Weather officials fear temperatures could hit 48 degrees C (118.4 F) in some areas, setting a record for the state's hottest February day ever. People have been banned from setting fires, and some major sports events have been canceled.
"It's not just another summer's day. This is as bad as it gets," Shane Fitzimmons, rural fire chief in the state, which was already battling 49 bush or grass fires by mid-afternoon, told reporters.
"The catastrophic ratings are what we could describe as beyond the conventional scale."
Thousands of people flocked to Sydney’s beaches to cool off, prompting warnings from lifeguards to stay close to shore and take precautions against the sun.

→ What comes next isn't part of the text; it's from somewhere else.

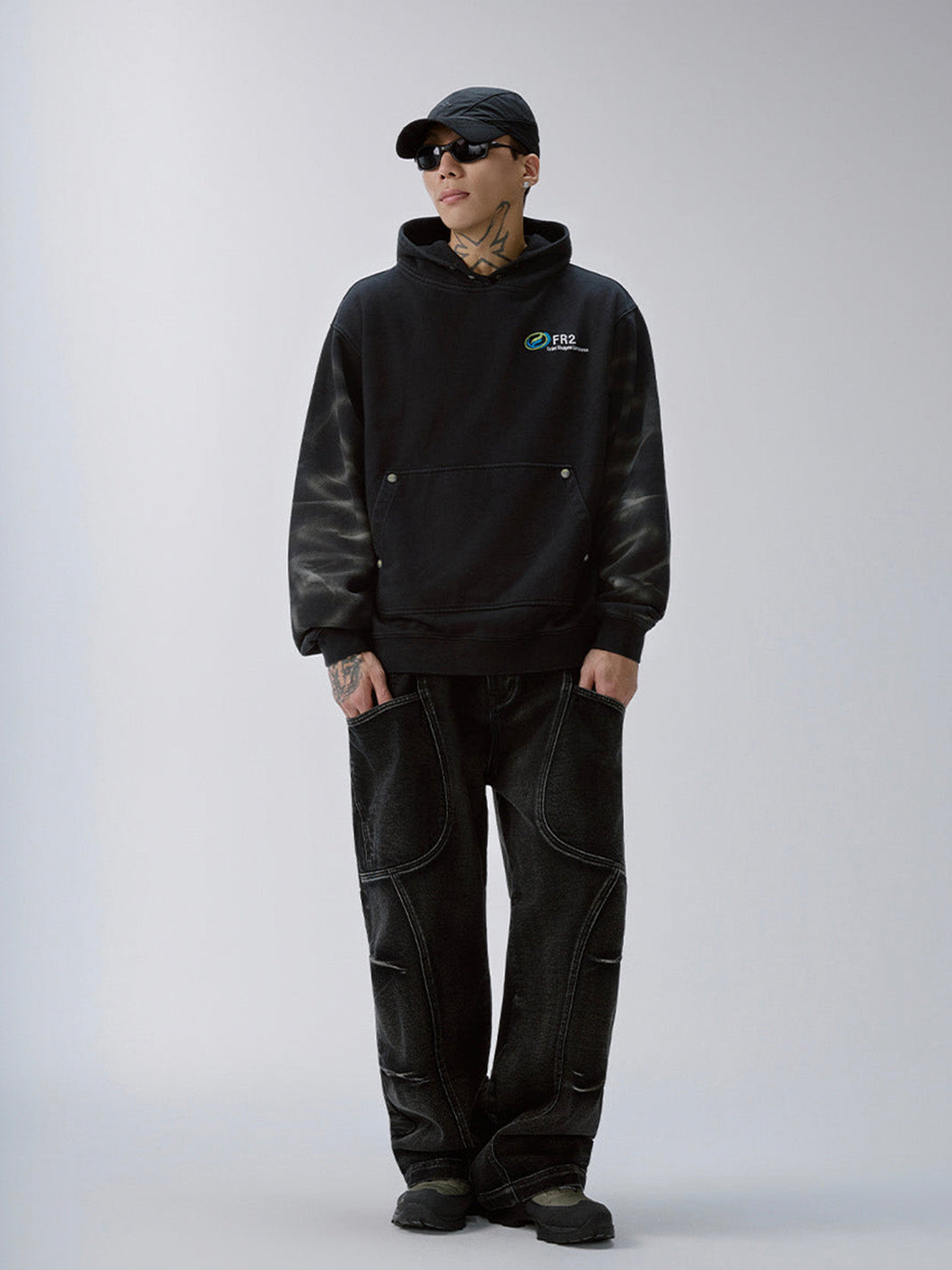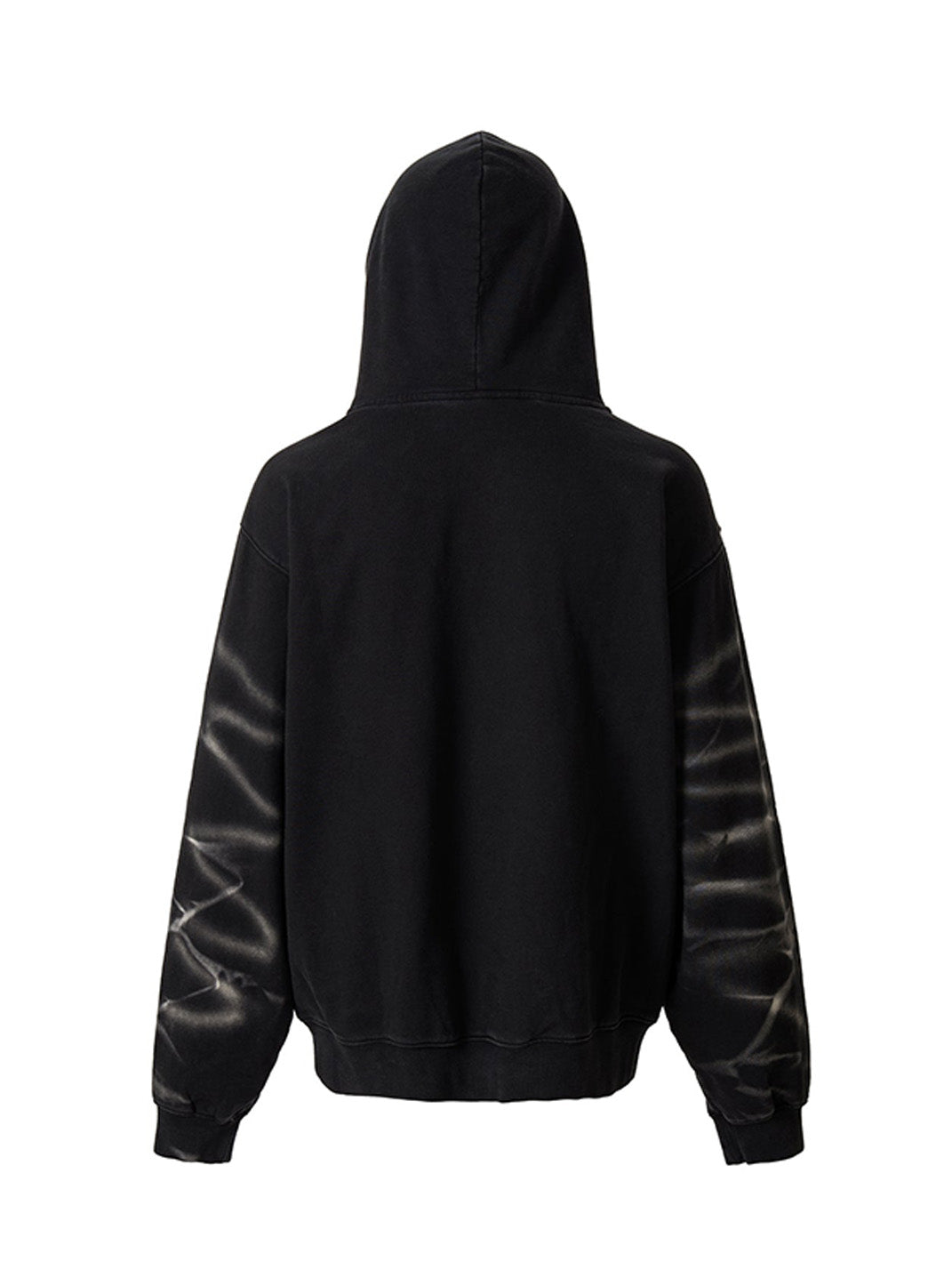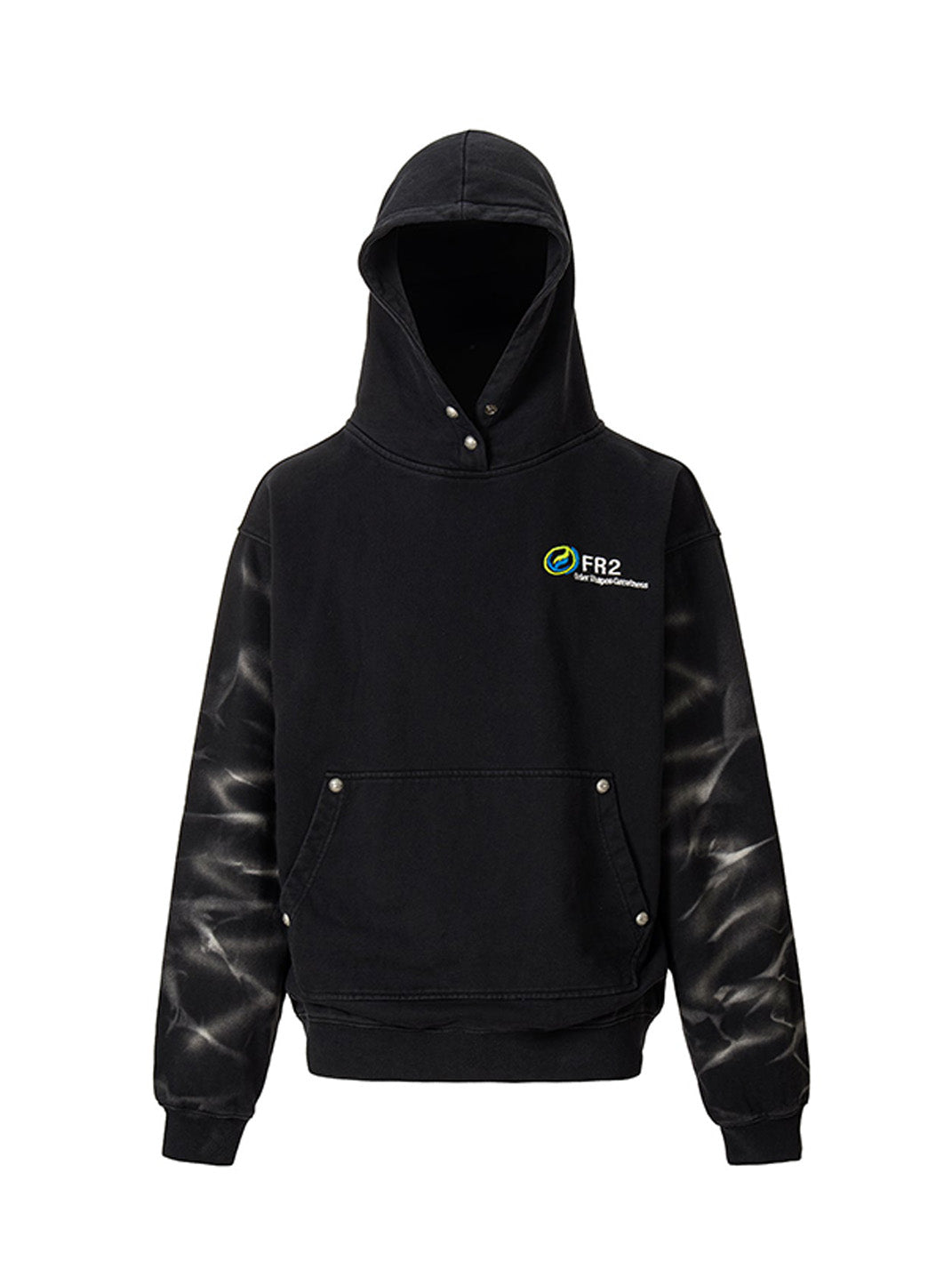 The Tie-Dye Embroidered LOGO Hoodie blends retro dye techniques with a modern streetwear silhouette. Featuring subtle, radial tie-dye effects along the sleeves, the piece contrasts washed black fabric with a vibrant chest logo embroidery. Its relaxed cut, ribbed finishes, and stud-accented kangaroo pocket channel a utilitarian yet laid-back feel. This hoodie stands out for its tonal complexity and low-key attitude, rooted in graphic detail and dye treatment.

"We want people to be aware of signs of heat stress," a spokesman for the state's lifeguard service told Reuters. "The number one message for people is to stay hydrated, it’s crucial on a day like today."
The extreme heat roiling out of Australia’s desert interior will also push temperatures in the northeastern state of Queensland and the Australian Capital Territory (ACT), home to the capital, Canberra, to uncomfortable levels on the weekend.

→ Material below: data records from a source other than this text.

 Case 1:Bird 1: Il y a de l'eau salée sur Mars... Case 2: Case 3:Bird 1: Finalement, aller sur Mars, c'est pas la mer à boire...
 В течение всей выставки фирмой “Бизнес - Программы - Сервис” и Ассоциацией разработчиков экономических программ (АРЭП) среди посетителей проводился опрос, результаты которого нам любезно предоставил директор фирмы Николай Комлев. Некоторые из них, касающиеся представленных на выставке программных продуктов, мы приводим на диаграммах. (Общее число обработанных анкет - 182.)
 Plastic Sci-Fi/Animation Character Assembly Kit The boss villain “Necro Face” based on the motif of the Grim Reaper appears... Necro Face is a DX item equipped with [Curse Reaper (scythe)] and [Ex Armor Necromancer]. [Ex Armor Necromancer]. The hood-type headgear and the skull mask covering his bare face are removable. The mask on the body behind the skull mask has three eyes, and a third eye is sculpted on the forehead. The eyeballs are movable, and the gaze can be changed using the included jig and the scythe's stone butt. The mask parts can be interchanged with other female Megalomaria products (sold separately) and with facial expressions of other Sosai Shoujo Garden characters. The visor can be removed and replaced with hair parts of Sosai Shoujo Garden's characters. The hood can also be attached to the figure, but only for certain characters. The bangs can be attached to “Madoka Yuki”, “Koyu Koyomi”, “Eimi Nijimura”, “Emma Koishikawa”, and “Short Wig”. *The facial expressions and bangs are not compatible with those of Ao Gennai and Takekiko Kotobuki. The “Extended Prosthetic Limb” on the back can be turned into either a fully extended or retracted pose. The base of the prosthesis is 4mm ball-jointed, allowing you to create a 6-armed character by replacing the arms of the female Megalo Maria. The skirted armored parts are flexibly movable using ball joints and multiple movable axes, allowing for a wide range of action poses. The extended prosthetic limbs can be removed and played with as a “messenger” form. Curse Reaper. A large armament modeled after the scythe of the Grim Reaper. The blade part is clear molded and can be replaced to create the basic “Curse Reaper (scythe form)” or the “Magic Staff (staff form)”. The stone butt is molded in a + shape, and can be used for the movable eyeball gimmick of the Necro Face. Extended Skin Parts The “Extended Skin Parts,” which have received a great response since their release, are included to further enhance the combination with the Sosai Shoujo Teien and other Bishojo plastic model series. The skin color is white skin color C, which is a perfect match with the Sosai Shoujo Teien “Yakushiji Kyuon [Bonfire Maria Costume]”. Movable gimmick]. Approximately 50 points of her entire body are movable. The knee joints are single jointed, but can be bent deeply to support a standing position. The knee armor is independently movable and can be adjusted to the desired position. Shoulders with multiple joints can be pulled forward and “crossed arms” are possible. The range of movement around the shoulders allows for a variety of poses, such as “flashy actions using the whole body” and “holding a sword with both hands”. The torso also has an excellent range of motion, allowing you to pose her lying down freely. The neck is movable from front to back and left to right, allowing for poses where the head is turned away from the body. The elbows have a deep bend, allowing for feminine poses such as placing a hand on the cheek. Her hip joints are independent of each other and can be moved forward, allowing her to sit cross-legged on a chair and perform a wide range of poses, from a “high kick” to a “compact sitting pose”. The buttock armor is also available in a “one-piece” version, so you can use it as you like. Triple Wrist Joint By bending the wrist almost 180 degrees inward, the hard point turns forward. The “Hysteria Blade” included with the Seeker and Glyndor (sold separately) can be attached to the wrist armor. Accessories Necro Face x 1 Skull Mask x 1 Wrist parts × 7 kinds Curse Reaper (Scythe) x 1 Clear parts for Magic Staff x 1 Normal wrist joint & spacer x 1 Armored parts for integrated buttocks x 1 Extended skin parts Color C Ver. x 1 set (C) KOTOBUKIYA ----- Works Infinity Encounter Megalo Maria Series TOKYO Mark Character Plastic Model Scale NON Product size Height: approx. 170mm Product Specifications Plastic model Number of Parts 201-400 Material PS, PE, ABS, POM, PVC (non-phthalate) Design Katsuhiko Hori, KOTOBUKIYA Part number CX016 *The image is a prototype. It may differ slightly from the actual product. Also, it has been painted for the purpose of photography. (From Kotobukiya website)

Temperatures hit 47 C (117 F) in parts of New South Wales and ACT on Friday, putting pressure on the electricity grid and prompting plans by authorities to suspend supply in some areas.
Late on Friday, the Australian Energy Market Operator said the prospect of blackouts had been averted as the state cut back consumption.
But with similar grueling weather expected over the weekend, residents cannot relax vigilance on power use, a spokeswoman for the body said on Saturday.
Businesses that halted operations to conserve energy included a paper mill, water treatment operations and Australia's largest aluminum smelter, Tomago. Many industrial users have contracts requiring them to take such action.
Racing officials in Sydney, Australia's largest city, postponed the Royal Randwick Race Meeting over fears for the animals' wellbeing in the heat.
New South Wales sports officials canceled some Rugby League junior representative matches and all grades of cricket matches.
A weather change on Sunday may offer a breather, said Peter Zmijewski, a senior forecaster at the Bureau of Meteorology.
"For quite a few weeks, nights have been coming warmer and we haven’t had any changes to blow the heat away," Zmijewski told Reuters. "We may break this pattern tomorrow and Monday.”